There's life deep under the sea, but not as much as we thought.
Scientists looking at the abundance of microbes in the sediments under the seafloor — the so-called deep biosphere once thought to be teeming with more than 300 billion tons of life — have found that the vast subterranean world is not quite so crowded.
The new research followed up on landmark findings from 15 years ago, when researchers from the University of Georgia estimated that subseafloor sediments housed 35.5 x 10^29 microbes (that's 1 followed by 29 zeroes), comprising 334 billion tons (303 x 10^12 kilograms) of carbon.

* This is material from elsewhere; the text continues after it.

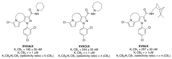 A series of 1,4,5,6-tetrahydropyrazolo(3,4-c)pyrrolo(1,2-a)azepine-based derivatives (XVII, Figure 2) has been investigated for cannabinoid receptor interaction [56]. Representative compounds are depicted in Figure 16, all devoid of affinity for CB2 receptors and endowed of negligible affinity for CB1 receptors.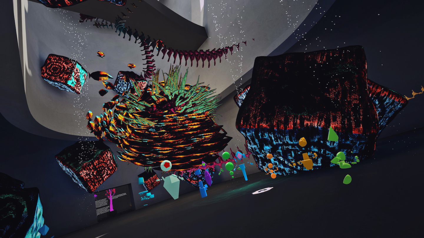 “I almost always start my design with organic sounds. So I recorded a bunch of weird stuff with some chimes and a banjo. To make it sound otherworldly. I reverse a lot of the sound out of a ton of reverb and effects. These are just looping sounds, but what you can't hear in this video is that the piece is reacting to a voice which could be both premises. But there are always technical restraints with experimental art and we weren't able to get the sound tied to that reaction. So I tried to design this with as much movement as possible.”

The new study calculates that a mere 4.1 x 10^29 microbes, made up of 4.5 billion tons (4.1 x 10^12 kilograms) of carbon, live in the subseafloor. The new tally is 92 percent smaller than the earlier estimate, but still indicates a significant amount of subseafloor microbial biomass.
Low levels of life
The difference comes from a larger sampling of ocean sediment environments, the researchers say.
"Basically all the sites that were used in the previous studies were in high-productivity areas, so all estimates had to be skewed towards higher values," said Jens Kallmeyer, a geomicrobiologist at the University of Potsdam in Germany, who led the study. "The earlier cell counts are correct — we also used them for our model — but they do not cover the whole range of conditions in the world's oceans."
Sediments in upwelling zones — where nutrient-rich waters from greater depths circulate into upper ocean layers — and areas near the shore typically house the greatest number of microbes because they are the most nutrient-rich areas of the ocean floor. Farther from shore, however, fewer nutrients reach the bottom of the sea and microbial cell counts are typically much lower — up to five times lower, Kallmeyer's team found. [ Strangest Places Where Life Is Found on Earth ]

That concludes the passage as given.